Playing through the major modes is one way to maximize your practice. Then, go into all the minor modes. For each, repeat the keys 12 times each. Start with the C scale. Next, move on to the D, and so on. Your goal is to get through all the scales in all the modes.

The repetition and hand-on practice should improve your memorization, too. 

Aeolian mode (above)

Practice with Music

Most guitar music stems from the same basic chords, modes, and scales. Once you have memorized the modes to a comfortable level, it’s time to practice with music.

Play music in the background and follow along. If you dive into music theory further, you’ll have the knowledge to depict scales used in songs for guitars. “Old Joe Clark” is a folk guitar song used in music examples. The melody is close to the Mixolydian mode in A. 

Start playing along with the song in A. Then, see if you play the song in G.

As you gain confidence, you’ll realize that you can switch up the scales for other songs, too.

Lydian Mode (above)

Practice with the Harmony

The melody leads a song. The harmony builds on the melody. A harmony cannot exist without the melody, but the harmony consists of at least two sounds that mesh well with each other.
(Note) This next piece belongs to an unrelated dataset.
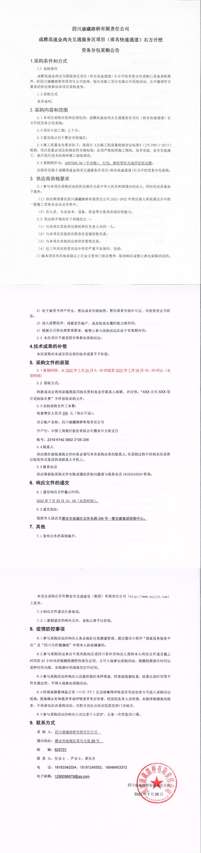 四川康藏路桥有限责任公司成雅高速金鸡关互通及服务区项目(雨名快速通道)石方开挖劳务分包采购公告

Harmony is a set of complementary sounds.

Since the harmony is more than one sound, it challenges you to improve your guitar mode skills. Every step builds on the last. Every new exercise builds on the last.

Your job is to identify the harmony’s scale. Then, emulate its mode. Now you are challenging your memorization and fingering skills. Plus, you’re training your ear. A well-tuned ear allows you to rock out and impress the audience from the stage.

Why Should You Master Guitar Modes?

Since the majority of the music comes from the same scales and chords, what is going to make your guitar playing skills unique? Artists like Jack White and Stevie Young shred with the best of them. Their skills demonstrate their range. They’re also well-regarded because their sound isn’t exactly like everyone else’s. 

Mastering the guitar modes improves your improv skills. This gives your solo performances a boost. If you’re a hobby guitarist, that might be enough. Others seek to reach for the sky. So go forth.


To master all seven major guitar modes, read up on the music theory behind them. This makes it easier to understand and learn each variation. Pick a scale and mode, and play it on your guitar one by one. Start memorizing each mode and beef up your fingering visualization prowess. Move into identifying melody and harmony modes from songs. Dedicate time to practice the modes. This should improve your guitar skills and ear.